[SUPPLIED ENTRIES Boundary: Start]

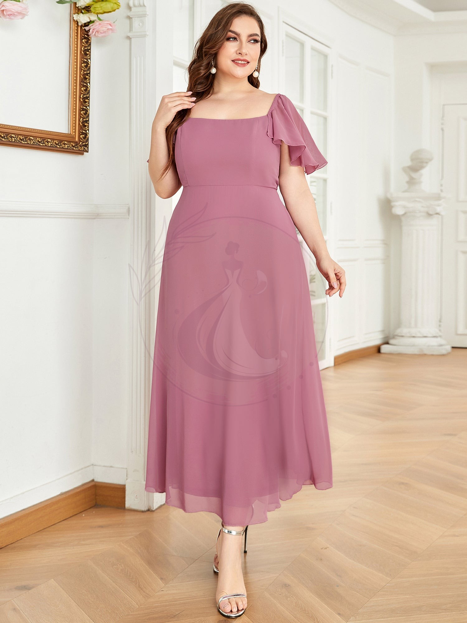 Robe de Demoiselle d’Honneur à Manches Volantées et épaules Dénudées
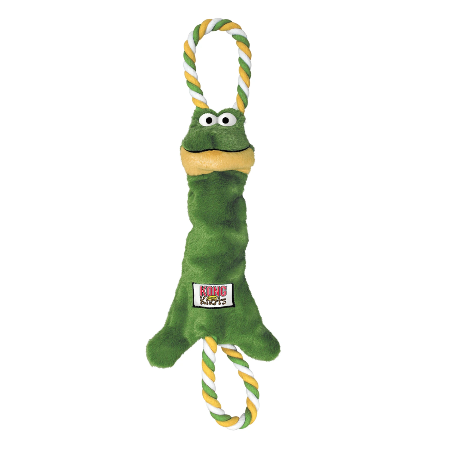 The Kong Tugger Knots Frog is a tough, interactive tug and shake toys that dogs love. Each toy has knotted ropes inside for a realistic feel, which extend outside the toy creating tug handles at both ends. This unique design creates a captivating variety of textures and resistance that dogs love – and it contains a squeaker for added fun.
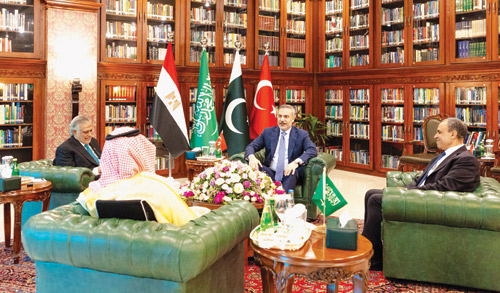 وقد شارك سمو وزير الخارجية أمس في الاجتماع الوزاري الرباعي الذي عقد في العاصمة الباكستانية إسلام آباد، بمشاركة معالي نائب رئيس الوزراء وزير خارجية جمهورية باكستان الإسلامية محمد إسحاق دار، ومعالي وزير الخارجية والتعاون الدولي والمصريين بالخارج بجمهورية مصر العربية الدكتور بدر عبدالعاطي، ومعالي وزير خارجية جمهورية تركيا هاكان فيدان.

[SUPPLIED ENTRIES Boundary: End]
[SUPPLIED ENTRIES Boundary: Start]

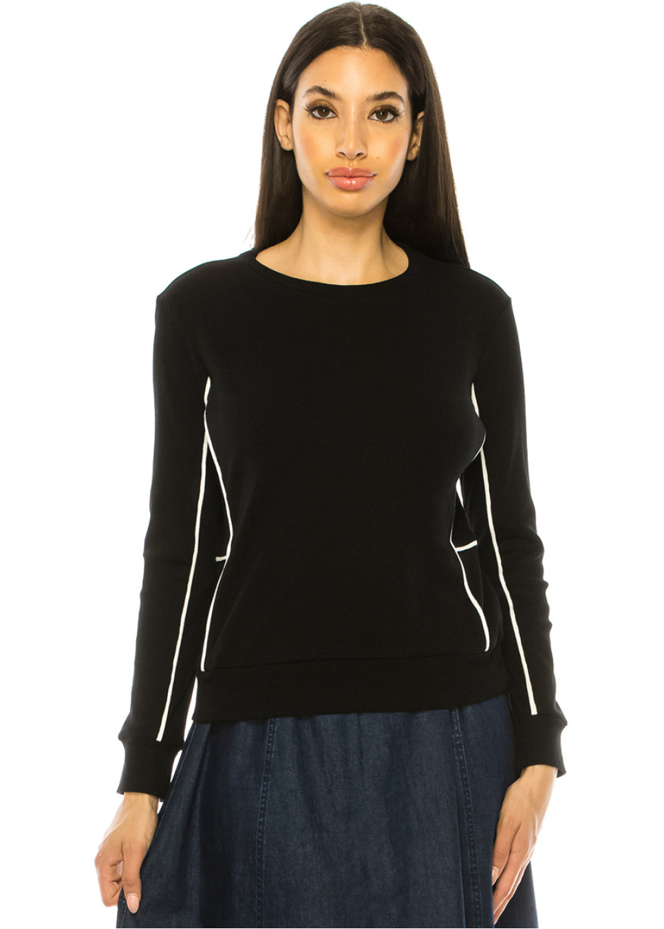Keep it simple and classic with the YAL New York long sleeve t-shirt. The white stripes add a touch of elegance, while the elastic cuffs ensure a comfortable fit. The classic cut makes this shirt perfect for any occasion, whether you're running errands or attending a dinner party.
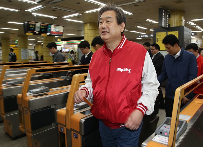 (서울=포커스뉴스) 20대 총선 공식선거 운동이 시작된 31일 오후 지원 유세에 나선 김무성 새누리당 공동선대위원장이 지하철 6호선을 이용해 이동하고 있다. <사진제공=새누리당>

[SUPPLIED ENTRIES Boundary: End]

## TO DO
Print exactly, with no pictures, the lines above from the one that holds "Robe de Demoiselle" through the one that holds "The Kong Tugger", both of them included.

## ANSWER TO THE PROBLEM
 Robe de Demoiselle d’Honneur à Manches Volantées et épaules Dénudées
 The Kong Tugger Knots Frog is a tough, interactive tug and shake toys that dogs love. Each toy has knotted ropes inside for a realistic feel, which extend outside the toy creating tug handles at both ends. This unique design creates a captivating variety of textures and resistance that dogs love – and it contains a squeaker for added fun.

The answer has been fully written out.